In Washington, there’s even a bill in committee that would require BEAD funding to be spent only on open-access networks, making it less desirable for big business to invest. 

Some states are challenging the FCC’s broadband maps, too. That’s important because the law requires that states prioritize unserved and underserved regions to help close the digital divide, but that requires knowing where they are. Historically, the FCC has let the wolves guard the henhouse by relying on ISPs to truthfully say which houses they cover — data that the FCC didn’t even audit. 

Lastly, while the NTIA may be grandfathering in old laws restricting municipal broadband, the agency does hint it could step in if states make things even harder than before.
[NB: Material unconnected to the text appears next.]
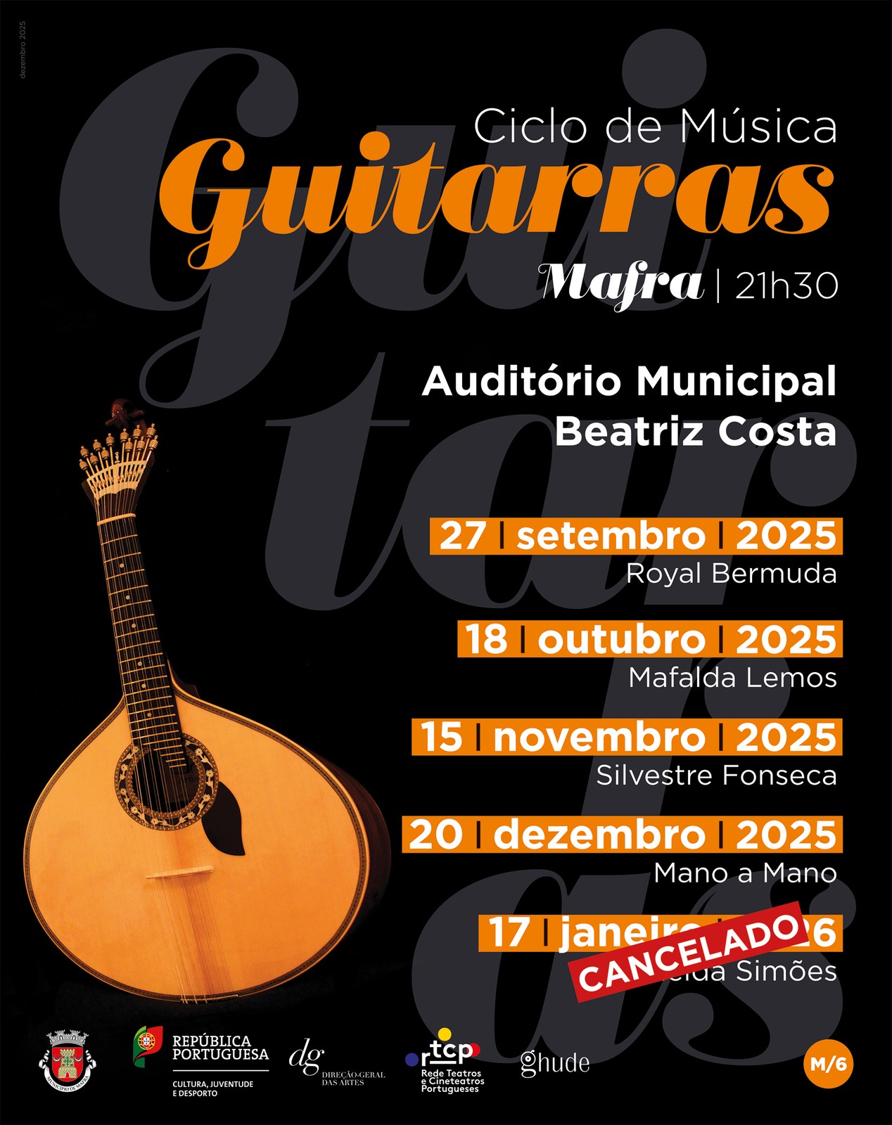 O Ciclo de Música “Guitarras” integra a candidatura à Rede de Teatros e Cineteatros Portugueses (RTCP), contemplada na ação "Programação Cultural RTCP".

Before it approves a state’s “final proposal,” the NTIA says it will “consider” whether any “new laws, regulations, policies, procedures, or any other form of rule or restriction” winds up excluding “any potential providers from eligibility.”  
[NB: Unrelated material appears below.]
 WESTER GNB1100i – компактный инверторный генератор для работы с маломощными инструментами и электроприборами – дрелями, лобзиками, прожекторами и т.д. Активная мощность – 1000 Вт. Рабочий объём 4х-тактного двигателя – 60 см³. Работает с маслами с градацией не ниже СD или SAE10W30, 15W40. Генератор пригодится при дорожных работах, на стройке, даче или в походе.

Again, the NTIA will only “consider” those things before granting its approval, but at least that’s a veiled threat instead of nothing at all.

Municipal networks can thrive even without these billions in federal funding, and despite restrictive state laws. Tennessee’s law didn’t stop the Chattanooga Electric Power Board from serving 135,000 homes and businesses with 25Gbps symmetrical internet — it mostly just kept the company from expanding beyond its own electrical footprint, restricting its ability to close the digital divide in neighboring cities and towns. 
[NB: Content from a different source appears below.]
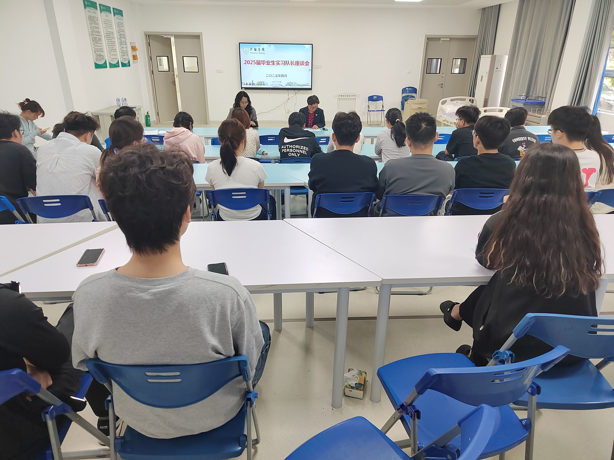 为进一步了解2025届毕业生实习带教情况,提高实践教学水平,4月23日上午,护理学院在一号楼智慧教室召开毕业年级实习队长座谈会。护理学院党委副书记王亚娟、副院长崔慧霞和实习工作秘书、各实习队长参加会议。会议由崔慧霞主持。

Even then, there are ways to do more. The EPB’s network can touch over a million homes because it offers wholesale services to communities on the edge of its network, Espeseth tells me. Ammon does something similar. 

And if you do have the legal authority, Ammon technology director Dan Tracy says justifying a network isn’t as challenging as you might expect. Your city needs water and power anyhow, it uses SCADA systems to control them, and a fiber-optic backbone for those systems can also turn into internet for the residents with a bit more work. “Infrastructure is kind of all the same that way, in that it’s close to where it needs to be,” says Tracy. Ammon hired its own construction crews, bought its own fiber splicer, and built a six-strand network with two fibers just for the city’s backbone connectivity. 

But Ammon is a relatively wealthy town, he admits. 

So here’s my question: should local entities do without the biggest federal investment in broadband ever? Should they have to do it on their own with these restrictive laws in place, or trust that Comcast and Cox and CenturyLink will fix a problem that they currently benefit from? Should Big Telecom get to own billions of dollars of additional network funded by taxpayers?

Should we really be building toll bridges instead of public roads?